The latest BMW 6-Series was developed in tandem with the luxury 7-Series sedan and is based on the same platform.
If you want to really get into the family tree, it's also related to the Rolls-Royce Ghost. Considering our test car is the range-topping 650i, with a quarter-of-million-dollar price tag, this should be a good thing: a luxury open-top four-seater with limousine genes.
Mostly, it is. The 650i is fast, beautifully smooth and comprehensively equipped. But our evaluation car is also evidence that you can go too far.
The 7-Series boasts Integral Active Steering - essentially a rear-wheel-steer system that makes the big sedan easier to turn in tight spaces (because the rear wheels go in the opposite direction to the front) and more agile in fast corners (where they turn the same way). It's welcome technology that improves ease-of-use on such a large car.
Integral Active Steer is also available on the 6-Series (and sister 5-Series) as a $4850 option.
It was fitted to our test car and, having also driven a 650i without, I'd have to say it's one box I wouldn't tick.
While the 650i is not a small car, it's not large enough to require this type of assistance in city driving. Out on the open road, the 650i's strength is effortless performance and smooth, flowing chassis character.

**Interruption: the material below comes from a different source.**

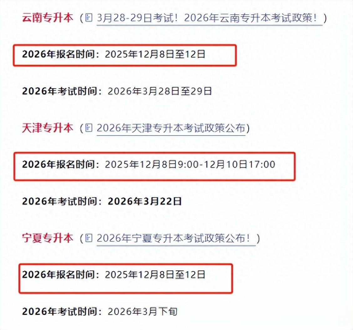 12月8日云南、天津、宁夏专升本报名正式开始。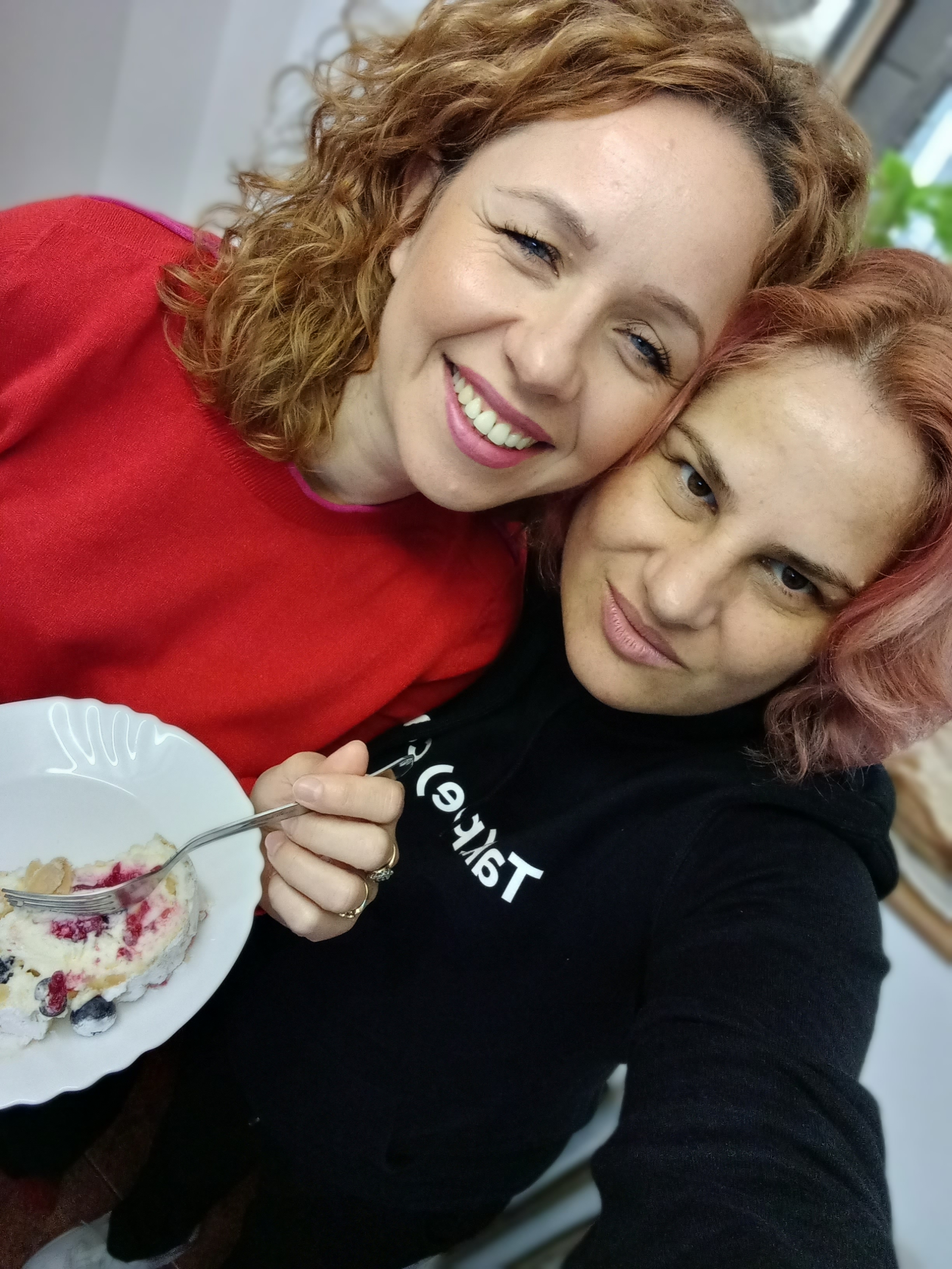 Am poză cu Irinuca și o prăjitură cu vișine de mai demult.

Having such abrupt chassis response in a car like this is actually a bit distracting. Especially when you've got Electronic Damper Control and something called Adaptive Drive to try and use/understand (I don't, really).

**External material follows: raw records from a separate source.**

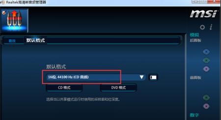 4、在默認(rèn)格式里,將其切換到“16位,44100hz(cd音質(zhì))”,更改操作完成后,用戶可稍微感受一下,是否覺得噪音的感覺降低了很多了呢?在默認(rèn)格式中,有眾多的選項(xiàng),但越到后面的選項(xiàng),相應(yīng)的聲卡要求是比較嚴(yán)重的,聲卡達(dá)不到要求,噪音就會(huì)越來越嚴(yán)重。所以這一項(xiàng)要根據(jù)聲卡的情況來具體的選擇。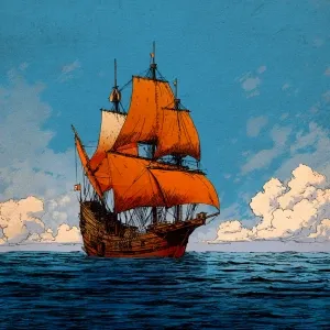 «A vessel from the 1400s ship in the ocean same colors»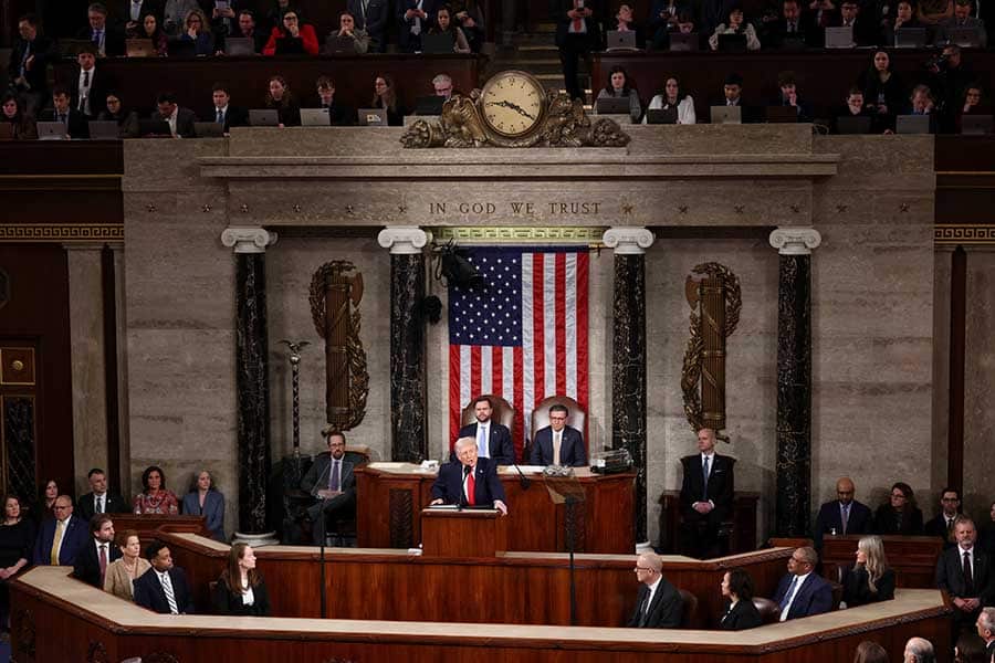 Trump touts immigration enforcement in State of the Union address as polls show growing concern February 25, 2026By Kate Scanlon OSV News Filed Under: Feature, Immigration and Migration, News, Religious Freedom, World News WASHINGTON (OSV News) — President Donald Trump touted his administration’s immigration enforcement actions in his Feb. 24 State of the Union address, as polls show increasing concern about these policies among U.S. voters. In the first State of the Union Address of his second term — he previously delivered an address to a joint session of Congress in March 2025 — Trump touted his immigration policy in a pitch to midterm voters for his fellow Republicans. But the speech comes as more U.S. adults grow skeptical of aspects of his immigration policy. Trump’s comments largely centered around border security, rather than deportation. U.S. President Donald Trump delivers his State of the Union address at the Capitol in Washington Feb. 24, 2026. (OSV News photo/Kenny Holston pool via Reuters) A trio of national polls released in February found majorities of Americans said enforcement actions by U.S. Immigration and Customs Enforcement, or ICE, have gone too far, or found that minority shares said they approve of Trump’s handling of immigration. In his speech, Trump touted what he called “the strongest and most secure border in American history,” but said “we will always allow people to come in legally, people that will love our country and will work hard to maintain our country.” But Trump did not depart from a hardline tone, arguing, “The only thing standing between Americans and a wide-open border right now is President Donald J. Trump and our great Republican patriots in Congress.” Trump told members in the chamber to stand for the phrase “the first duty of the American government is to protect American citizens, not illegal aliens,” and said members who did not “should be ashamed.” In a statement issued hours before the speech, a group of U.S. bishops urged several reforms to immigration enforcement, including ensuring families of mixed immigration status are not separated, citing the unnecessary harm done to their children, and that sensitive locations such as houses of worship, schools and hospitals are protected from enforcement actions. With four of nine Supreme Court justices in attendance, Trump called the court’s recent decision striking down his sweeping tariff policy a “very unfortunate ruling.” The ruling found Trump exceeded his authority in issuing the tariffs, marking a major setback for his economic agenda. In effect, a tariff is a tax imposed by a government on imported goods. Trump has argued his tariffs would protect U.S. manufacturing, but some economists have cautioned they will raise consumer prices on many goods and could lead to a recession. Catholic economists, pointing out the Church’s preferential option for the poor in its social teaching, have also pointed out the burden of those tariffs disproportionately falls on Americans with the lowest incomes. Trump also endorsed a ban on members of Congress trading stocks, as bipartisan legislation to restrict members from trading has stalled in the House. Elsewhere in the speech, Trump called for a ban on medical or surgical gender reassignment procedures for minors who identify as transgender. The U.S. bishops in November approved an updated version of “Ethical and Religious Directives for Catholic Health Care Services,” their guiding document on Catholic health care, with substantial revisions that include explicit prohibitions against such surgeries. U.S. President Donald Trump delivers his State of the Union address at the Capitol in Washington Feb. 24, 2026. (OSV News photo/Kevin Lamarque, Reuters) Trump also spoke about his efforts to increase access to in vitro fertilization, mentioning Catherine Rayner, a military spouse and the first user of TrumpRx, who was in the audience, and how she used the site to access more affordable drugs for the treatment. IVF is a form of fertility treatment opposed by the Catholic Church on the grounds that it often involves the destruction of human embryos, among other concerns. “We are all praying for you, and you’re going to be a great mom,” he told her. Delivering a Democratic rebuttal to Trump’s speech from Colonial Williamsburg’s historic area in Virginia, Gov. Abigail Spanberger, D-Va., argued that “we did not hear the truth from our president” about his record from his first year in office, pointing to the economy. “Let’s speak plainly and honestly, and let me ask you, the American people watching at home, three questions: Is the president working to make life more affordable for you and your family? Is the president working to keep Americans safe, both at home and abroad? Is the president working for you?” she asked. Some Democratic members of Congress boycotted the event in protest of Trump, instead attending an event on the National Mall dubbed the “People’s State of the Union.” Rep. Al Green, D-Texas, was escorted from the chamber while carrying a sign that said “Black people aren’t apes,” an apparent reference to a video posted on Trump’s Truth Social account that depicted former first couple President Barack and Michelle Obama as apes that was deleted after widespread outrage denounced the content as racist. While not explicitly prohibited, House decorum rules are generally understood to limit signs and props on the floor. But in one moment of bipartisanship, Trump awarded E. Royce Williams, a 100-year-old retired Navy captain, the Congressional Medal of Honor for his actions in a mission during the Korean War, to widespread applause in the chamber. Notable guests included Claire Lai, an attorney and the daughter of Jimmy Lai, Hong Kong’s prominent Catholic media tycoon and pro-democracy campaigner, who was recently sentenced to 20 years in prison after being convicted of of

So no, the 650i does not play at being a sports car all that well. It's not supposed to. But it is staggeringly quick, with an incredible 300kW/600Nm from its 4.4-litre twin turbo V8 and 0-100km/h in 5sec neat.

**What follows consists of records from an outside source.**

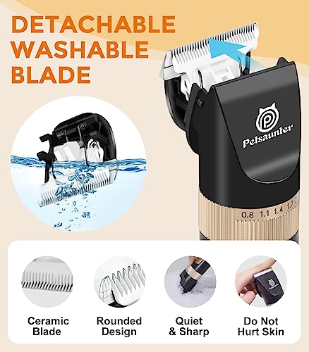 🐈【Low Noise & Low Vibration】: Petsaunter electric grooming clipper is only about 50dB in operation. This helps your pet feel comfortable and not afraid even if your pet is very timid. The stress-free grooming solution for your furry friend!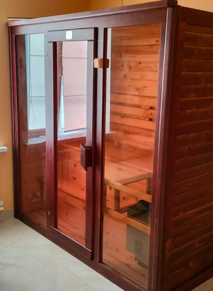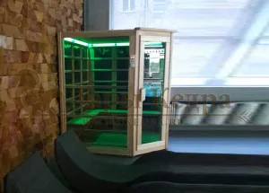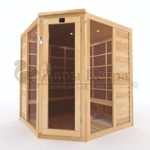Это специально оборудованная кедровая кабина для прогрева тела человека сухим теплом. Воздух в таких парных не нагревается. Инфракрасные лучи воздействуют на тело, равномерно прогревая мышцы, суставы и органы. Карбоновые излучатели, встроенные в стены кабины, обладают мягким прогревом, что полностью исключает возможность ожога. Работает кабина за счет электричества. Установка сауны в угол, позволяет рационально использовать пространство помещения. Подходит как для домашнего использования, так и для коммерции.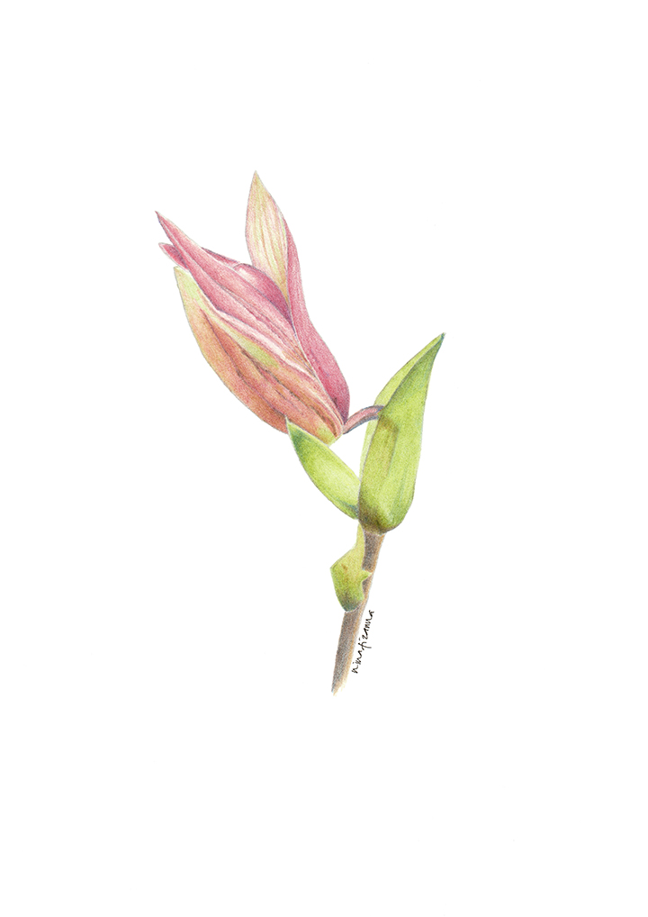 She began learning about drawing and painting from online sources during Covid 19 pandemic and decided to explore more about art since then. As a newbie in botanical art, she works with a broad range of media but mostly in coloured pencils and watercolours.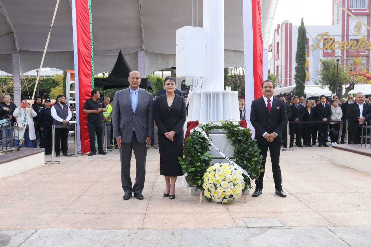 Como parte de las actividades conmemorativas, autoridades estatales y municipales participaron en el izamiento de bandera, guardia de honor, develación de placa, entreg y desfile cívico.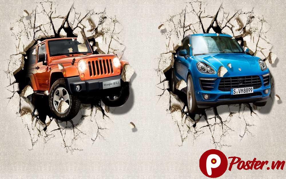 Tranh 3D ô tô vỡ tường tại Poster.vn có nhiều loại xe khác nhau như xe địa hình Jeep, xe thể thao Porsche và nhiều mẫu xe khác, đa dạng về màu sắc và kiểu dáng.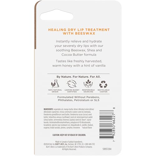 Details: Burt's Bees Honey Vanilla Rescue Lip Relief Lip Balm instantly hydrates and replenishes extremely dry lips. Formulated with responsibly sourced beeswax, shea butter and cocoa butter, this lip moisturizer immediately relieves dryness and helps protect lips' natural moisture barrier. The lightweight, non-sticky beeswax formula is easy to wear, and it features the delicious taste of freshly harvested warm honey with a hint of vanilla. Formulated without parabens, phthalates, petrolatum or SLS, this moisturizing lip balm is 100% natural origin to rejuvenate and beautify lips with clean ingredients. For relief of dry lips no matter where you are, just tuck a tube of this natural origin lip balm into your pockets or purse to keep nurturing lip care at your fingertips. Use Burt's Bees Lip Balm to make lips feel their best. Burts Bees is the No. 1 dermatologist-recommended natural skin care brand (1). (1) Based on a November 2023 NielsenIQ national survey of U.S. Dermatologists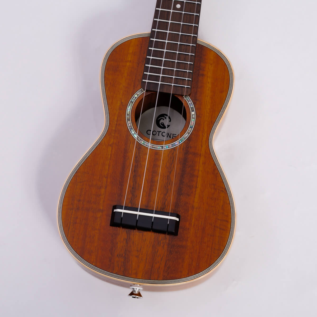 美しい木目と、ハリのある明るく陽気なウクレレらしいサウンドが魅力のハワイアンコア単板を、ボディ全体に贅沢に使用したオール単板仕様です。ボディに施されたバインディングやサウンドホールのロゼッタが、高級感を演出しています。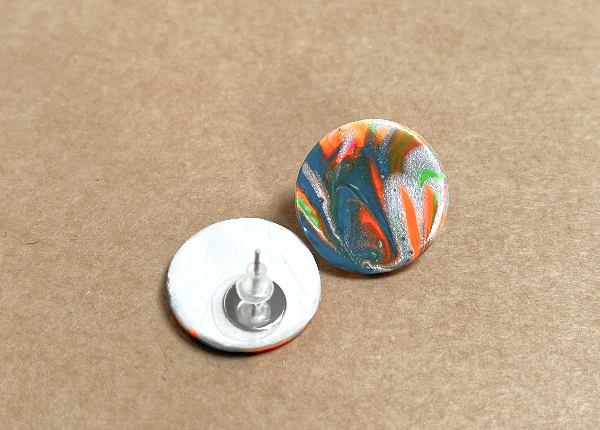Cercei realizati din lut si vopsea. Prinderea se face cu tija din inox si dop de silicon. Diametru 2 cm. Modelul este unicat si nu se poate reproduce.

So it's not far off an M3 in a straight line, for example - except that you're rolling along with an eight-speed automatic gearbox and the whole experience feels totally unflustered.
It'll even do 10.7 litres per 100km ... although not on my watch.
It's a bit odd evaluating the 6-Series as a convertible first, but that's the way BMW has launched the car globally - mainly because the ragtop version was more popular in the previous model.
It's impossible to say if or how the car is compromised compared with the forthcoming coupe version, but on the basis of this experience nothing springs to mind. It's good looking, solid and beautifully made. As with the previous model, the interior is completely different to the donor 5-Series and really quite swish - especially when the dashboard is trimmed in $3600 worth of leather with "extended features" (not sure what those are).
The top is old-school fabric (most luxury convertibles are) and the rear seats are pretty tight - the coupe is likely to be a bit more roomy, but hardly spacious.
Convenience features include ... everything, really. You get a head-up display, internet connectivity through your cellphone, surround-view parking assistance and navigation on a huge 27.5cm screen.
You can't get away from the fact that a two-tonne luxury convertible appeals to a certain demographic - one for whom gold is a natural colour choice. These people will love the 650i's quality and presence, even if they won't necessarily use the car's considerable performance potential and high-tech chassis.
That's okay - none of it has been wasted because it's really filled me with a sense of anticipation for the lighter, even more rigid coupe version.
The bottom line:
Fast, smooth, not nearly as funny looking as the old model - the new 6-Series convertible gets the luxury fundamentals right. Just don't be tempted by too many of the high-tech options.